E quem ainda não viu, leia a entrevista de Birman à Folha. A entrevista do presidente do grupo, deixa bem claro que eles só retiraram os tais produtos das prateleiras por medo de mais barulho e por medo do proclamado boicote que se formou rapidamente nas redes sociais. Nas palavras de Birman: "Essa polêmica toda que acho que deve ter sido feita por ambientalistas de plantão com os quais não vou me expor para debater isso(...) Eu recuei justamente para não entrar numa rota de debate disso, tirando o foco da nossa coleção". E não há nobreza nenhuma neste ato. Foi apenas um gesto para tentar corrigir uma estratégia de marketing totalmente equivocada.

E sim, eu FUI cliente Arezzo. E não, eu NUNCA MAIS comprarei Arezzo. Uma empresa que sequer é capaz de manter um ponto de vista, não merece o meu dinheiro.

6 comentários:

Lis Tavares disse...

Oi Vanessa!
Que texto excelente, amei a maneira como vocês expôs as ideias sem pender pra esse ou aquele lado. Também como carne desesperadamente, mas uma coisa é uma coisa e outra coisa é outra coisa. Não tinha visto o posicionamento da empresa sobre o assunto e fiquei feliz de ver que as it blogueiras e as pessoas normais e mortais, pensam a respeito do assunto e são capazes de se posicionar contra a maioria que acha que bonito é ser fashion custe o que custar!
Beijo

Mariana Portella disse...

Fiquei tãão triste em saber dessa notícia, pois em pleno séc. XXI esse tipo de coisa ainda existe!! E logo a Arezzo que é (ou era) uma marca super conceituada. E ainda tentam dar justificativa p o que não tem.

Beijossss

Lanny disse...

Amei, amei, amei seu texto e seu ponto de vista. Não sou ambientalista, nem vegan, nem nada disso. Mas nos dias de hoje eu acho de extremo mau gosto fabricar roupas de peles verdadeiras, é brega, é madame sem consciência. As madames do Brasil têm grana o suficiente pra comprar peles que não sejam da Arezzo. A empresa não precisava disso! A empresa quis se igualar a marcas de luxo (que bancam sua opção e tem público pra isso) e só pisou na bosta legal! (desculpando a expressão). Nunca fui com a cara da Arezzo (só tenho um sapato), agora é que não piso mesmo o pé lá. Parabéns pelo post!

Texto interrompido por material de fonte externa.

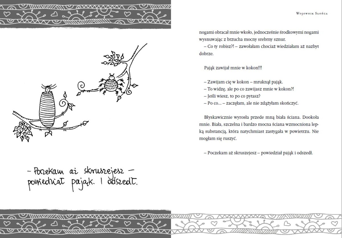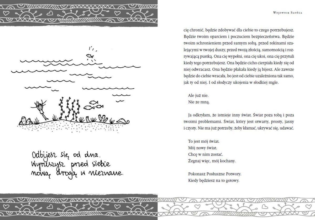 Dopóki nie zostaną nakarmione ludzkimi emocjami zła, nie mają własnych. Kąpią się w rzece, schną w słońcu, lubią młode pędy i zapach bratków. Czasem wędrują, czasem śpią, czasem zatrzymują się w jednym miejscu na dłużej. Nie ścigają ludzi. Chyba że ktoś rzuci im wyzwanie, pogwałci ich spokój, sprowokuje do walki. Wtedy byłyby gotowe mnie pożreć i rozszarpać na strzępy. Bo nie mogą znieść mojego strachu, przywiązania do bycia ofiarą, wiecznego cierpienia i nienawiści.

Alee - coletandodias.blogspot.com disse...

Que texto brilhante. Ótima colocação de ideias.
Seu texto é exatamente o que eu escreveria. Moro em um estado cuja economia principal é o agronegócio. Aqui derruba-se floresta pra plantar soja, milho,arroz e fazer pasto, temos 4 vezes mais bovinos do que pessoas. Em todo caso, isso é sustentado pela necessidade de alimentação. Não temos como acabar com essas praticas enquando a população continuar crescendo e precisando comer.
No caso da Arezzo nada disso se sustenta. É maldade e futilidade pura.

Talita Dezidério disse...

Gente, esse assunto virou uma polêmica mesmo. Também fiquei muito chateada com a Arezzo.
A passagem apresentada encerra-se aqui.